Marlene lived just down the street from me, and we'd often get together with our kids.
I used to sing in a woman's barbershop chorus and roped Marlene into joining, although to be honest, Marlene can't carry a tune in a bucket. Every year, barbershop choruses from the U.S. and Canada all congregated in the same designated hotel for the big annual competition. We used to have the time of our lives and it wasn't a matter of concern to any of us that our chorus didn't win!
I was 8 months pregnant with my son Mike, and Marlene 4 and a half months pregnant with her youngest son, Vern,at competition time, which that year was being held in Burlington, Vermont. Everyone in the Chorus were concerned that I'd go into labour on stage, and end up by having a little American, instead of a Canadian boy. They were kidding me that if this were to happen, I'd absolutely have to name the poor little blighter "Burl" in honour of the city where he was born. As if ...
At the U.S. border, out of curiosity, I asked the customs official what I'd have to do if I had the baby in the U.S. and was bringing him back to Canada.
"Madam, you'd have to declare him," the customs official said.
I honestly thought he was kidding, and laughed uproariously.
"No Madam, I'm serious. You'd have to declare that he'd been born in the U.S. for official reasons!" Well pick my peas ...
Mike was not born in the U.S. - he was born 3 weeks later in Montreal, by C section. But that's another story.
Marlene and I both decided to be stay-at-home Mums, even though it meant living from our husbands' pay check to pay check. In my case, I opted to go out at night selling Tupperware in order to help the family finances. The money I brought in covered birthday and Christmas presents - a luxury at the time, where our family budget was stretched to the limit.

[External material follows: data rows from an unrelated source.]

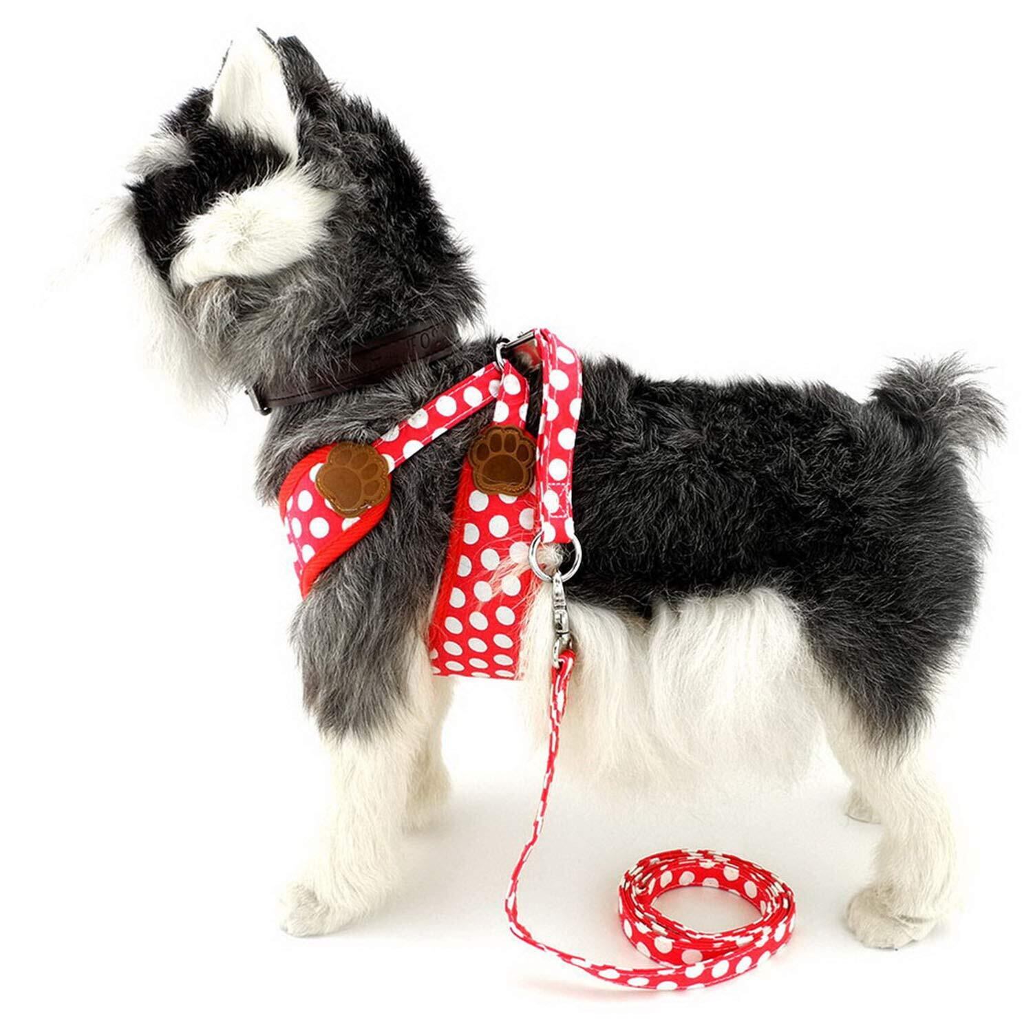 ドット柄と肉球マークがとてもかわいいハーネスです。あなたの犬がよりスタイリッシュ&可愛いになります
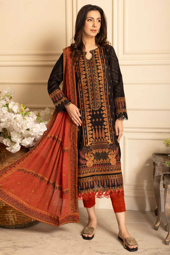 Description: Embroidered Swiss With Embroidered Voile Chiffon Dupatta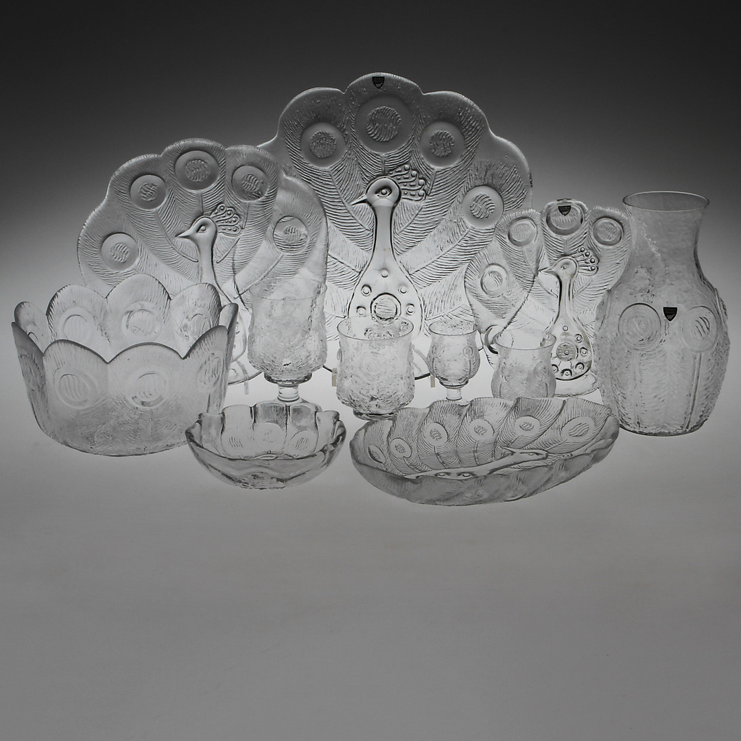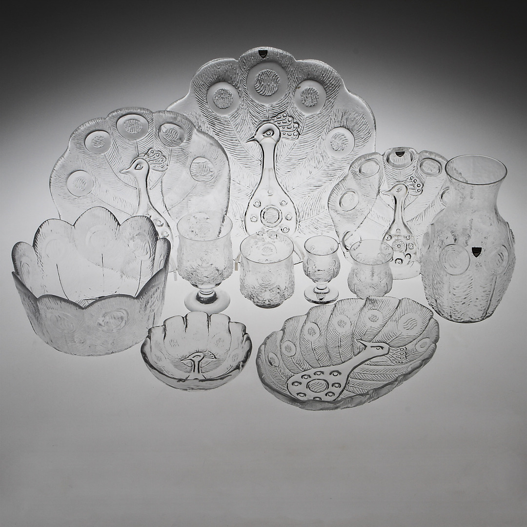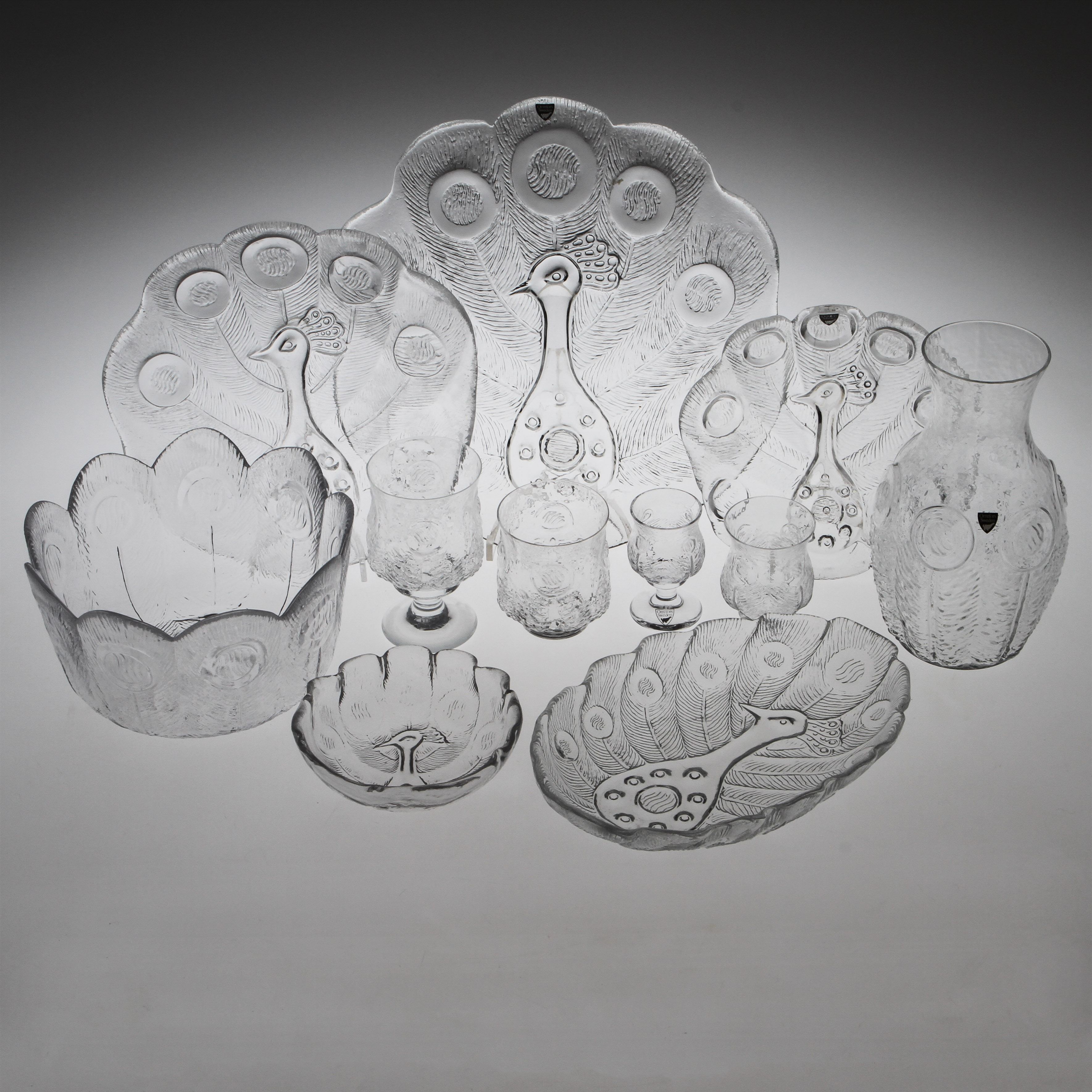 350794. SERVICE, 54 Teile, "Påfågel", Orrefors.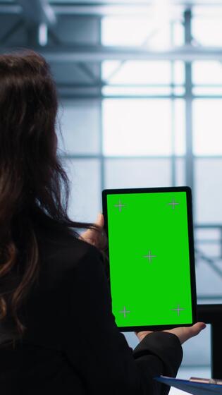 Vertical Engineers using green screen tablet in data center, checking infrastructure reliability, writing in clipboard. Workers using mockup device in server room, managing server virtualization, camera A Pro Video
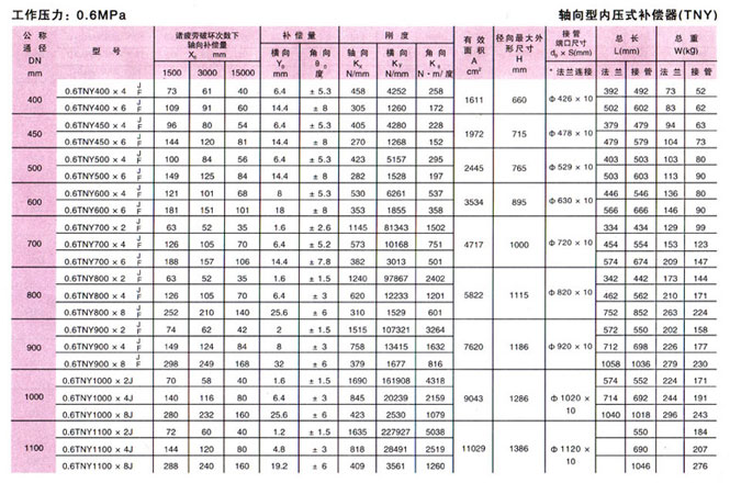 軸向型內(nèi)壓式波紋補(bǔ)償器(TNY)參數(shù)6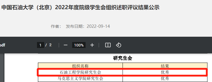 為黨的二十大獻禮--石油工程學院研究生會介紹:石油工程學院研究生會是在學院黨委領導和學院團委指導下,以促進研究生全面發展為目標,以“代表和維護全體研究生利益,全心全意為全體研究生服務”為宗旨的研究生組織。26屆石工研會共有成員34人,其中黨員18人,積極分子11人。近日,在中國石油大學(北京)團委組織開展的2022年度院級學生會組織述職評議中,石工研會以研究生會組第一名的成績,首次獲得中國石油大學(北京)“優秀研究生會”稱號。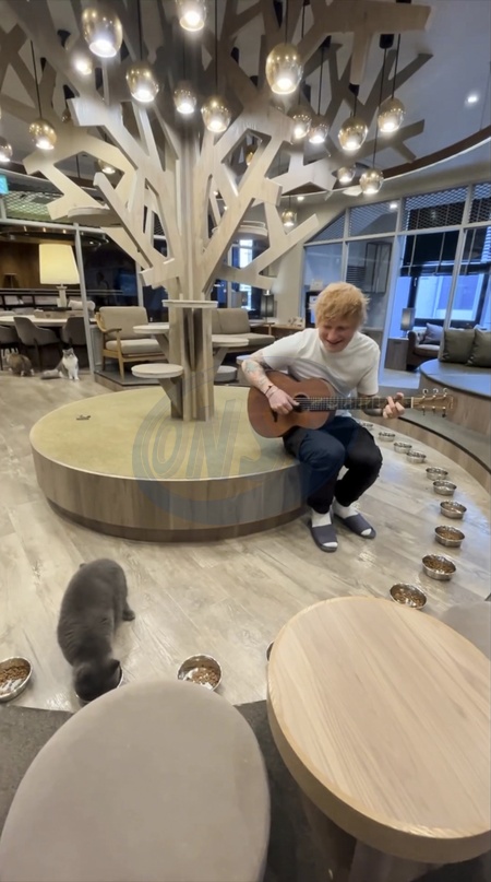 Screenshot of Ed Sheeran, latest post on social media, 30th January 2024.Quote:"Trying to win over the same kitties that ran away from me in 2014, same results.", Credit:B4859 / Avalon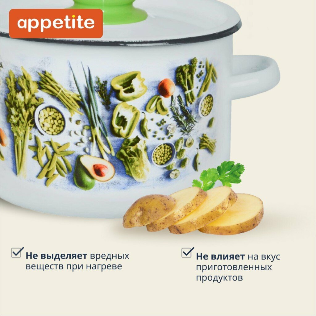 Кастрюля эмалированная сталь, 4.5 л, с крышкой, крышка сталь, Appetite, Свежая зелень, 1с17с, индукция

Neither Marlene nor I were earth mothers. We didn't get off on finger painting on the floor with our kids, and found the lack of mental stimulation very hard to take. I can't tell you how often I'd walk over to Marlene's house, kids in tow, (she always claimed it was shorter for ME to walk to HER house than vice versa!) with a bottle of vino tucked under my arm, confident in the knowledge that she and I would kill that bottle before the afternoon was over. We'd giggle, tell jokes, laugh our heads off and I'd totter home with my kids in time to prepare the family dinner, feeling happy and stimulated - not just from the wine either.
Then Marlene's husband got transferred to Ottawa. I was heartbroken. My best friend and drinking buddy was leaving. My sorrow was deeply shared by her Mum Odette, who lived in Montreal at that time. Little did we know that just a few years later, my husband would be transferred to Ottawa too and we'd be reunited. Or that Odette would come to live with Marlene and her family.
I remember Marlene, Odette and myself, sitting around her kitchen table, killing not one, but two bottles of wine. Every so often, one of us would start bawling over her impending departure, and the other two would join in. We howled and cried our eyes out, but I believe it was very therapeutic and did all three of us the world of good.
I remembered all this at Odette's birthday party today. When she grabbed my arm and said "You look familiar to me," I felt tears prickle the back of my eyes remembering how much she'd done for me all those many years ago.
Odette, I love you. Happy birthday sweetheart.